Gruau worked in advertising, illustrating ads for everyone from Jaeger, Balenciaga and, most famously, Christian Dior. The illustrations in and of themselves are worth a look, but of course we can’t write about them without mention of the various menswear styles portrayed—everything from casual sportswear to outerwear is represented. Here is a brief summary
“With the mens illustrations in particular, it’s noticeable how Gruau changed his line tactics in portraying men. He often reduced women down to a few simple lines, creating fluid, elegant, stylish and suggestive works that were more creative and expressive than diagrammatic or representational. With his men, he focused on the ability to use negative space, stronger lines and bolder colours to channel a masculine identity. The fact that Gruau was able to confidently convey male and female sensuality through such subtle differences in technique is astounding.

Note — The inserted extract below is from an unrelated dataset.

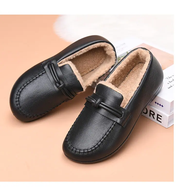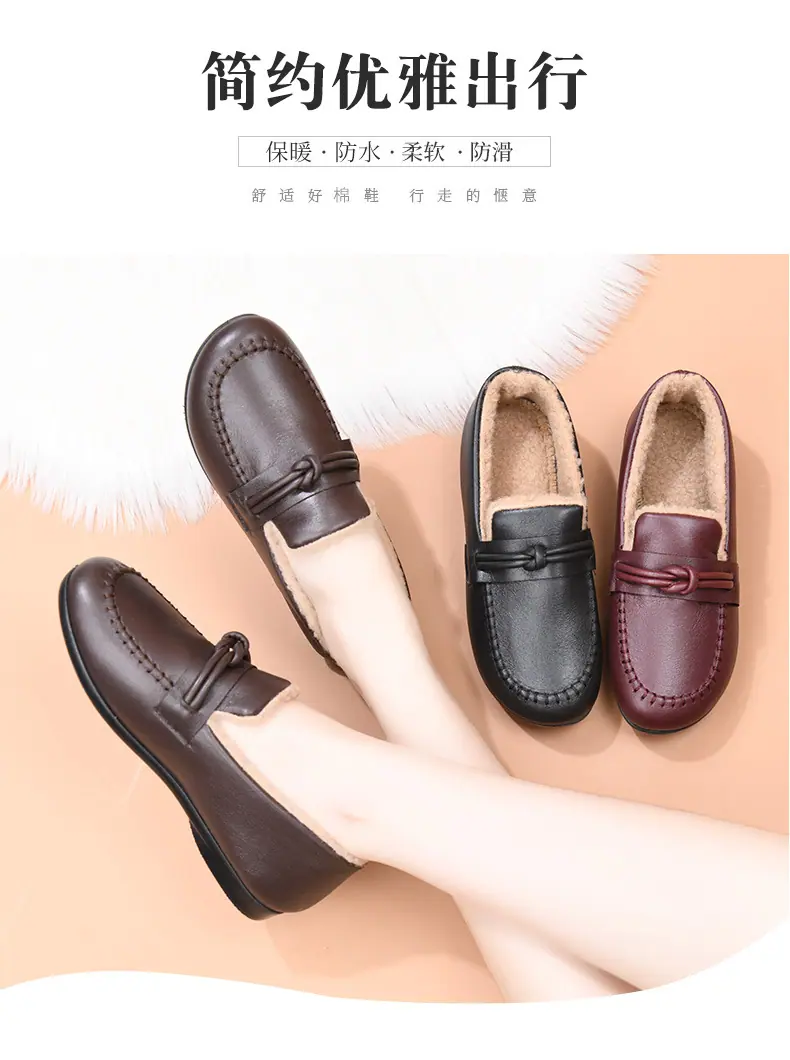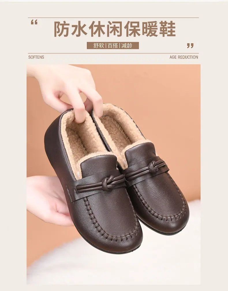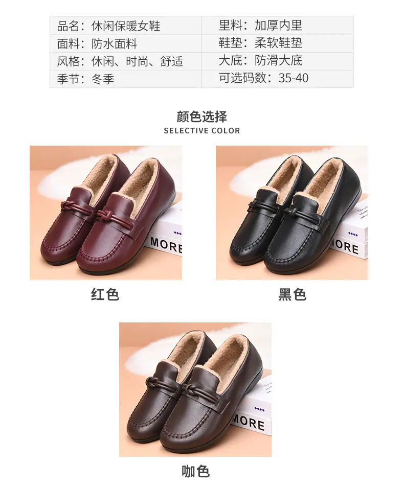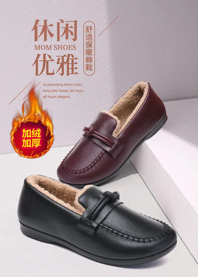 Invierno Nuevo Felpa Engrosado Cómodo Zapatos de Algodón para Mujer Antideslizante Cálido Mediana Edad y Adulto Mayor Sin Cordones Suela Suave Zapatos de Mamá Dropshipping

Easily the most popular of all where the Dior Sauvage ads, which where often composed as scenes using just a few main components. Bold black, bold red, a fully realised male figure – mostly nude or in a towel, and postures and facial expressions that gave the man his character, which was usually laid back, collected and debonair.
This style of gentleman followed throughout most of his work, an identifiably cool customer, always relaxed. There was a great sense of humour and ease to the works which gave them a great sex appeal, the hairy legs of a Sauvage man in a bathrobe, the man struggling to hold up a colossal bouquet of roses.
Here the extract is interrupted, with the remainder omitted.